Мориак — писатель, который черпал свои темы исключительно из жизни провинциальной Франции. Мог ли он пройти мимо П. Лоти, который, по его мнению, лишь один «сквозь поверхностную грубость проник в девственную душу народа, в эту неизведанную землю, вечный аспект которой не изменила никакая культура, этого моря, которое несмотря на крайнюю жестокость, обладает скрытой нежностью, бесхитростной добротой, постоянной верностью». Не так ли он и сам относится к своим персонажам? Действительно, в какой-то мере атмосфера повествования о Ландах близка «Исландскому рыбаку» Лоти. Но, может быть, еще ближе ему в этом смысле М. Баррес с его культом французской земли, в которой и он видит источник вдохновения. При этом Мориак не разделял ни колониальных у Лоти, ни националистических у, Барреса тенденций. В них он видел причину «глубокого разногласия между Барресом и множеством его духовных сыновей», к которым в известной мере причислял и себя.
Р. Радиге с его рациональным анализом внутреннего мира героев утвердил Мориака в его собственных художественных исканиях. И прежде всего, в необходимости более пристального внимания к человеку: «В чем психологический роман отличается от приключенческого? Ни в чем, это одно и то же, отвечает Радиге... Именно внутри нас разыгрывается единственная драма, которая нас интересует, наше приключение». По этой же причине его привлекал и Пруст, но у Радиге, особенно в романе «Бал у графа д’Оржель», он видит достоинства, которых лишены последние тома прустовского произведения: «Чем ни богаче наша нравственная жизнь, тем сложнее становятся наши чувства, тем больше интерпретация их требует одновременно и простоты, и тонкости». С такими же требованиями Мориак подходит и к своему творчеству, и в большинстве случаев ему удается обрести искомый синтез простоты, тонкости и сложности.

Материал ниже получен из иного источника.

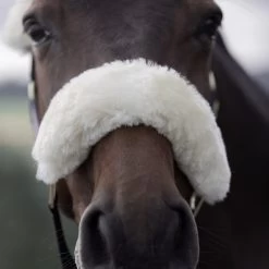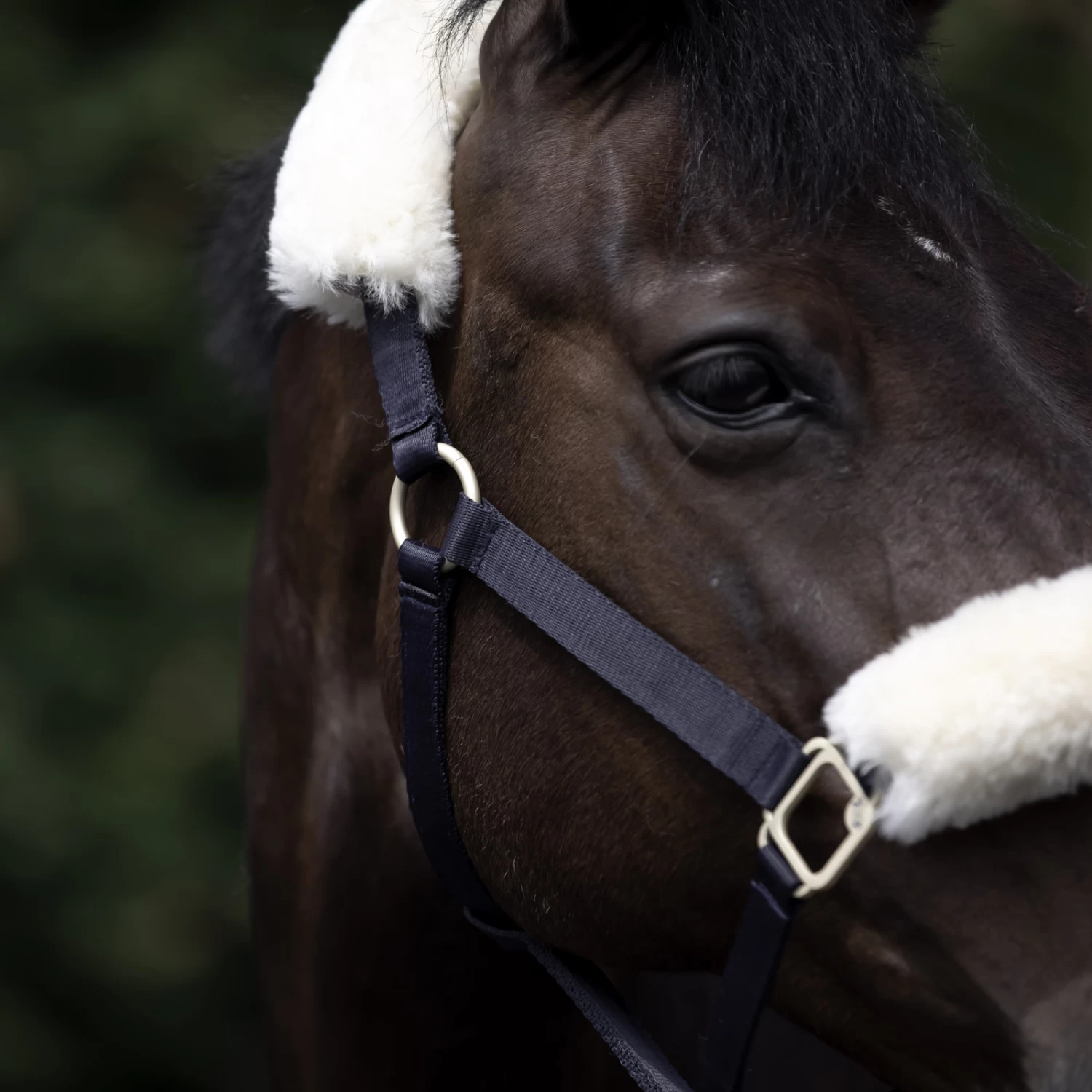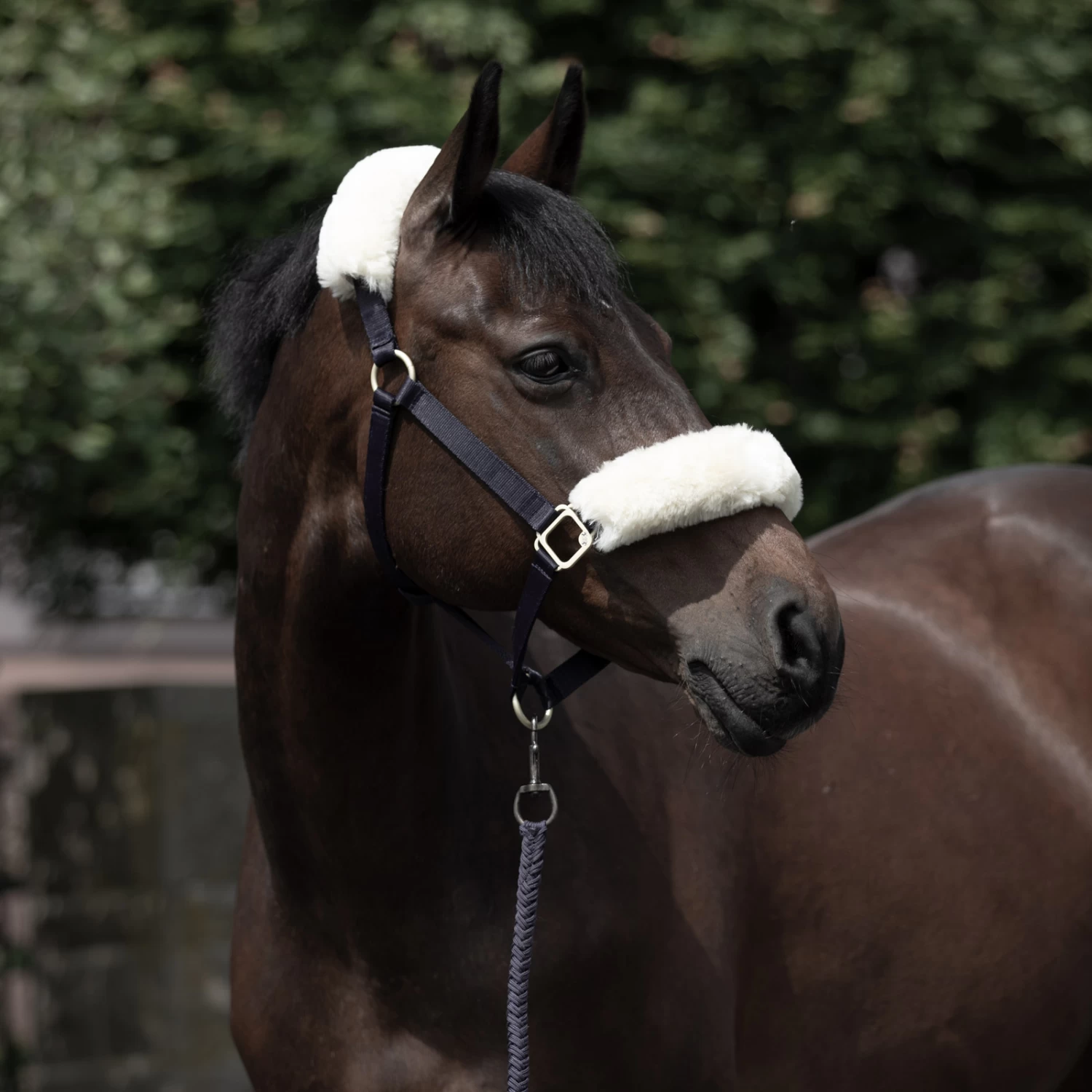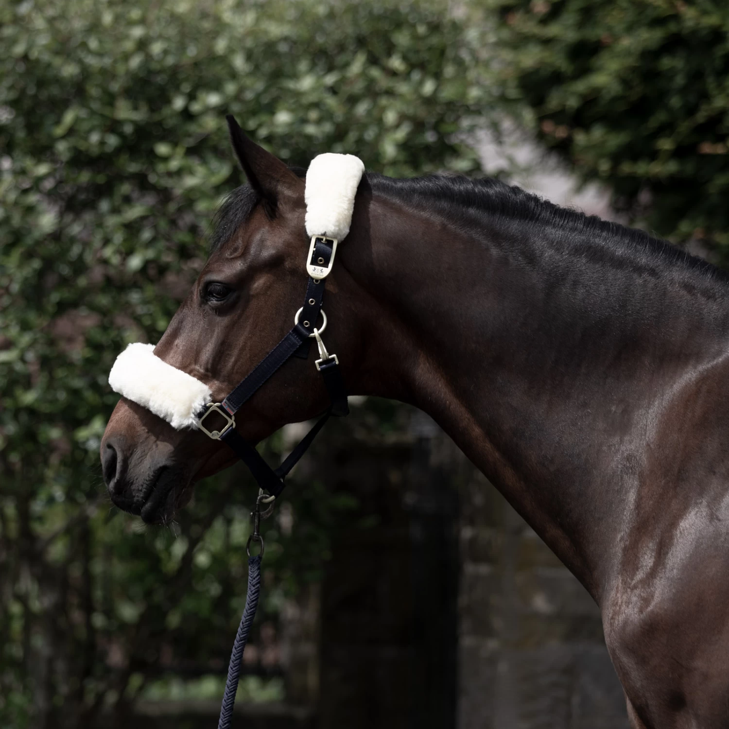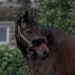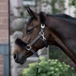 The B Vertigo Laurier halter is wrapped in soft, genuine sheepskin at the nose and crown to add comfort to these sensitive areas. Buckles on the crown adjust for the ideal fit, and a snap hook closes easily. Brass fittings match the fur perfectly and complete the classic look.

Некоторые писатели сопровождали Мориака всю жизнь — Паскаль, Расин, Достоевский. О первых двух он написал несколько книг, а о Достоевском существуют многочисленные высказывания, рассеянные в массе литературных и публицистических работ, целая глава посвящена ему в «Романе» (VI). Все они складываются в строгую систему притяжений и отталкиваний, которая отразилась в его творчестве. Паскаля, Расина, Достоевского у Мориака объединяет присущее всем им стремление разрешить вопросы познания человека в нравственной плоскости, перенести центр тяжести на анализ его внутреннего мира. Все они входят в круг писателей моралистов. Мориак продолжает эту традицию, освященную именами Монтеня, Паскаля, Лабрюйера, Ларошфуко, в романе XX в. То, что великие моралисты прошлого открывали в человеке на путях философского анализа внутреннего мира человека, а Расин подтверждал в своих трагедиях, становится основанием для всего художественного творчества Мориака.
Преемственная связь обозначена здесь непосредственно: Федра, сжигаемая страстью, — образ вечный, по мысли писателя, — у Мориака принимает современный облик. Это — Тереза Дескейру. Социальный смысл этого образа едва ли не с исчерпывающей полнотой раскрыт в работах отечественных исследователей. Однако, социальный смысл образа далеко еще не покрывает всего его содержания. Не меньшее значение для автора имеет его связь с общечеловеческими проблемами познания вневременной и внесоциальной сущности человека. Мориак исходит из точки зрения Паскаля: «Человеческую натуру можно рассматривать двояко: исходя из конечной цели, и тогда человек возвышен и ни с чем ни сравним, или исходя из обычных свойств, как рассматривают лошадь или собаку, исходя из их обычных свойств — способности к бегу, et animum arcendi — и тогда человек низок и отвратителен. Вот два пути, которые привели к стольким разногласиям и философским спорам». И Паскаль, и Расин, и Достоевский, и сам Мориак не ограничивались тем, что вставали на одну из возможных точек рассмотрения человека, они стремились, не исключая ни одной из этих точек зрения, показать его сложный мир. Отсюда и раздвоенность сознания у их героев. Обычно такое положение персонажей у этих писателей связывают с той нравственной аксиомой, которую все они разделяли, и которую каждый из них воспринимал по-своему. Паскаль ее выразил так: «Неоспоримо, что вся людская нравственность зависит от решения вопроса, бессмертна Душа или нет», а герой Достоевского еще конкретнее: «...уничтожьте в человечестве веру в свое бессмертие, в нем тотчас же иссякнет не только любовь, но и всякая живая сила, чтобы продолжать мировую жизнь. Мало того: тогда ничего уже не будет безнравственного, все будет позволено, даже антропофагия».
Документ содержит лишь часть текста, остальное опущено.